Я не буду долее задерживать внимание читателя и позволю себе сделать еще лишь одно небольшое замечание. Хотя сюжет этот порожден воображением автора, а имена действующих лиц вымышленные, я все же не могу отказаться от мысли, что в основе повести лежат какие-то подлинные происшествия. Действие, несомненно, происходит в каком-то действительно существовавшем замке. Часто кажется, что, описывая отдельные части замка, автор ненамеренно воспроизводит то, что сам видел. Он говорит, например, «горница справа», «дверь слева», «расстояние от часовни до покоев Конрада». Эти и другие места в повести заставляют с большой степенью уверенности предположить, что перед взором автора было какое-то определенное строение. Лица любознательные и имеющие досуг для такого рода разысканий, возможно, найдут у итальянских писателей сообщения, послужившие автору источниками для его произведения. Высказывая суждение, что данный труд вызван к жизни какой-то подлинной катастрофой, во всем подобной описанной в нем, мы надеемся, что это будет способствовать интересу к нему и сделает в глазах читателя «Замок Отранто» еще более волнующей повестью.

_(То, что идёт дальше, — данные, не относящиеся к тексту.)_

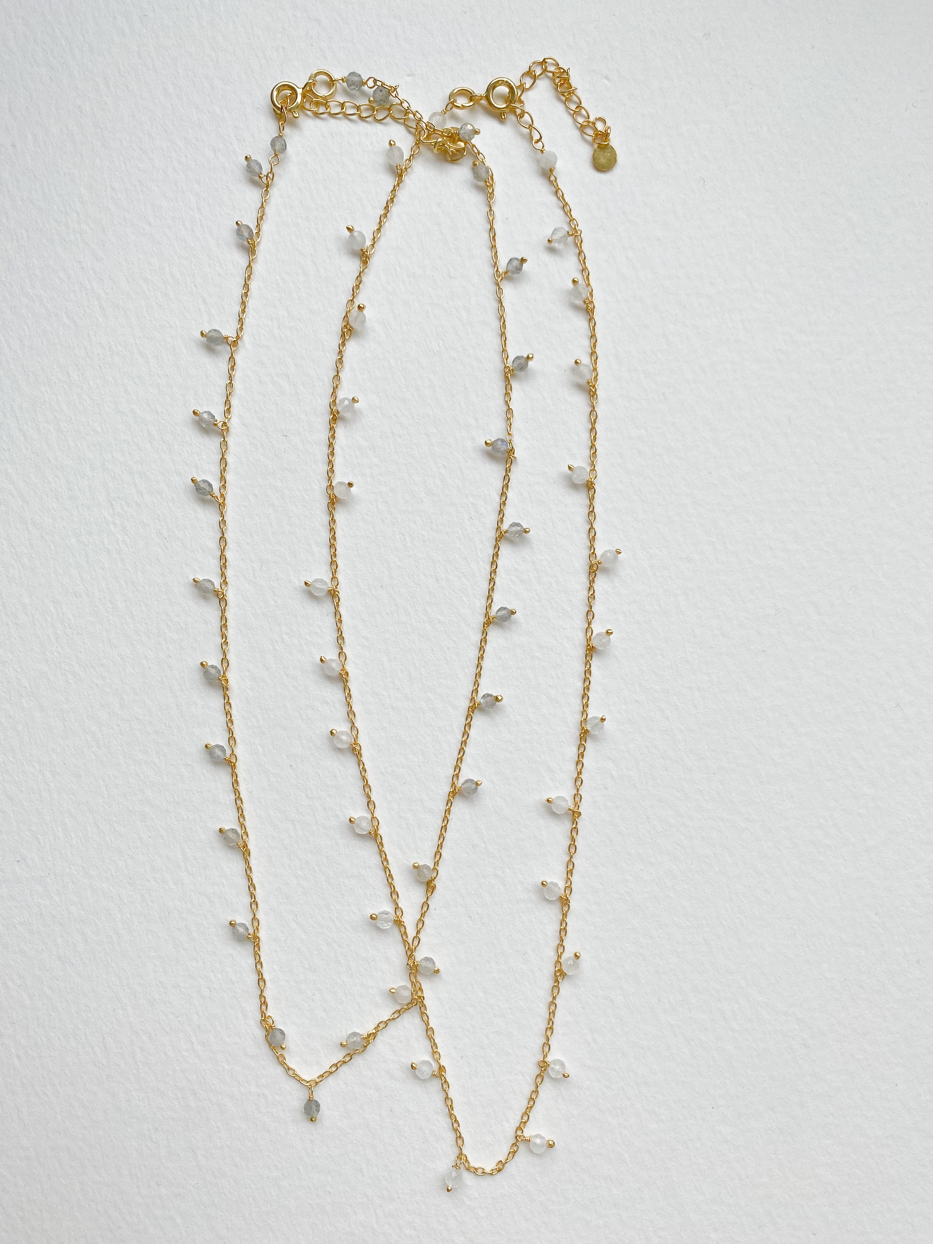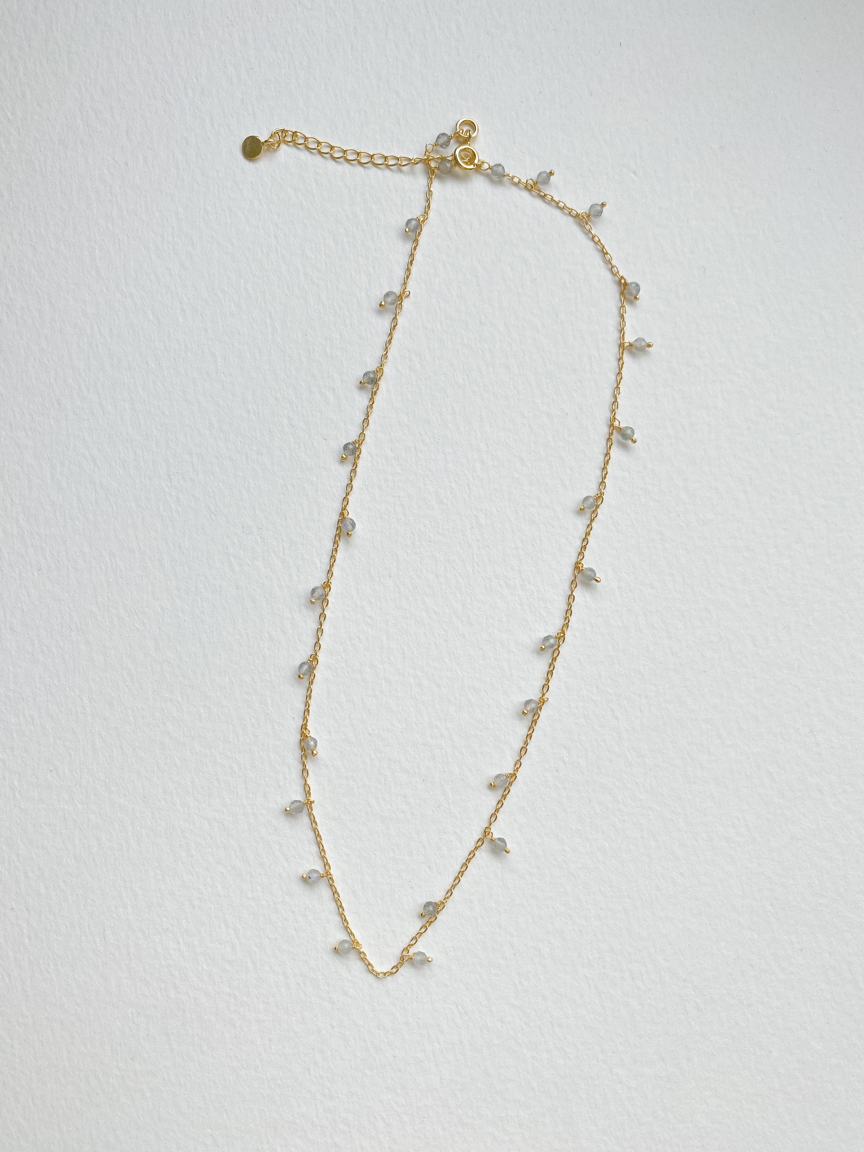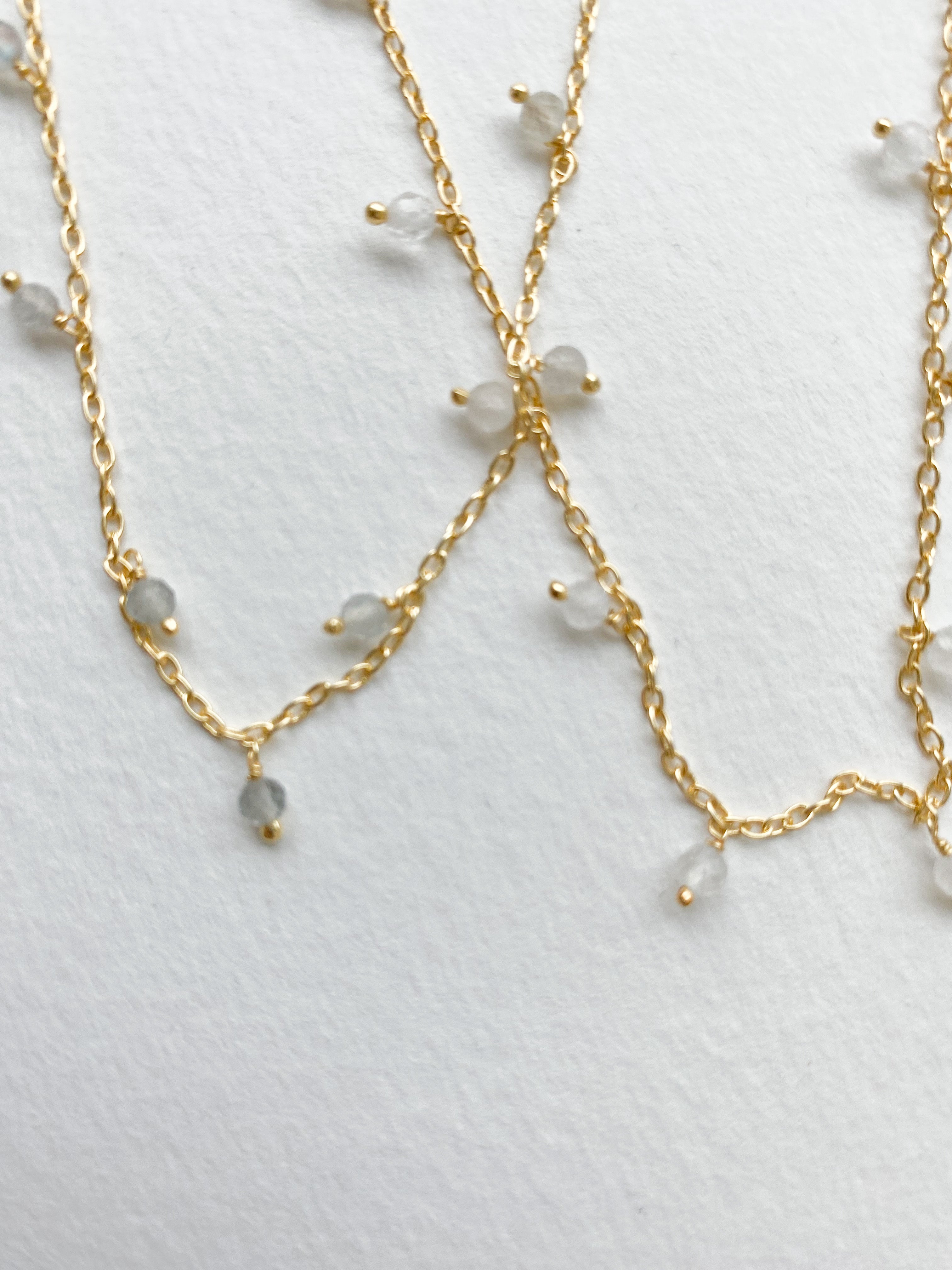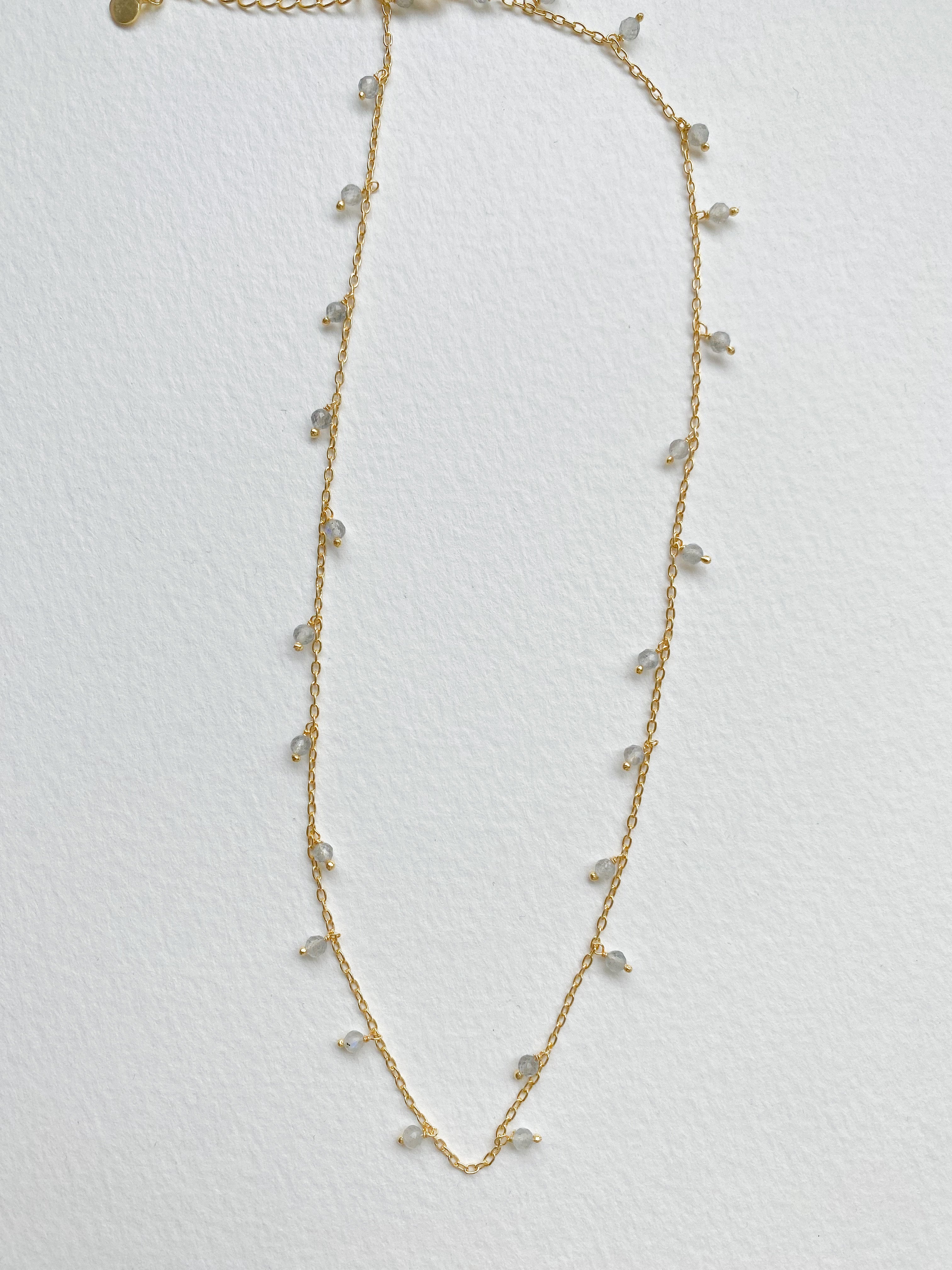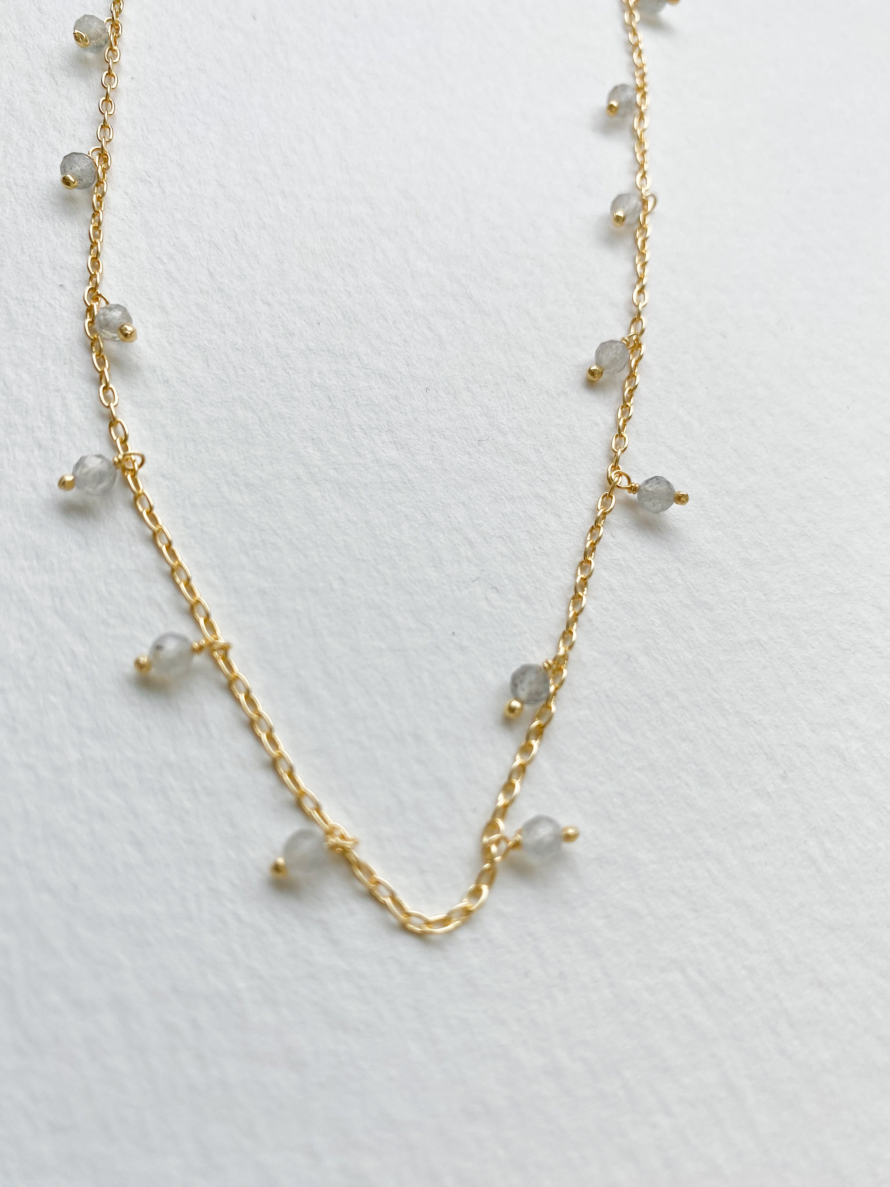 Edelsteine: facettierter Labradorit oder Regenbogen MondsteinAnhängergrösse: 3mmKettenlänge: 42.5 - 47cm

Предисловие ко второму изданию
Благожелательный прием, который встретила у публики эта небольшая повесть, вызывает у автора потребность объясниться по поводу причин, натолкнувших его на мысль сочинить ее.
Но прежде чем изложить эти мотивы, автор должен испросить прощения у читателей за то, что в первом издании, представляя им свое произведение, он выдал себя за его переводчика. Так как неверие в собственные силы и новизна предпринятого труда были единственными побуждениями для этого маскарада, он льстит себя надеждой, что его поступок сочтут извинительным. Он смиренно доверился беспристрастному суду публики, твердо решив дать своему произведению затеряться в безвестности, если оно не будет одобрено, и не мысля заявлять себя сочинителем такого пустячка иначе как в том случае, если судьи, лучшие, чем он сам, выскажутся в пользу его детища и он сможет, не краснея, поставить на заглавном листе свое имя.
В этом произведении была сделана попытка соединить черты средневекового и современного романов. В средневековом романе все было фантастичным и неправдоподобным. Современный же роман всегда имеет своей целью верное воспроизведение Природы, и в некоторых случаях оно действительно было достигнуто. В вымысле нет недостатка и ныне; однако богатые возможности воображения теперь строго ограничены рамками обыденной жизни. Но если в новом романе Природа сковала фантазию, она лишь взяла реванш за то, что ею полностью пренебрегали в старинных романах. Поступки, чувства, разговоры героев и героинь давних времен были совершенно неестественными, как и вся та механика, посредством которой они приводились в движение.
Автор произведения, следующего за этим предисловием, счел возможным примирить названные два вида романа. Не желая стеснять силу воображения и препятствовать его свободным блужданиям в необъятном царстве вымысла ради создания особо занятных положений, автор вместе с тем хотел изобразить действующих в его трагической истории смертных согласно законам правдоподобия; иначе говоря, заставить их думать, говорить и поступать так, как естественно было бы для всякого человека, оказавшегося в необычайных обстоятельствах. Автор замечал, что в боговдохновенных книгах, когда Небо жалует людей чудесами и люди воочию зрят самые поразительные явления, они и тогда сохраняют все черты, присущие человеческому характеру, тогда как, напротив того, в легендарных историях рыцарских времен всякое невероятное событие сопровождается нелепым диалогом. Действующие лица словно теряют рассудок в то самое мгновение, когда нарушаются законы Природы.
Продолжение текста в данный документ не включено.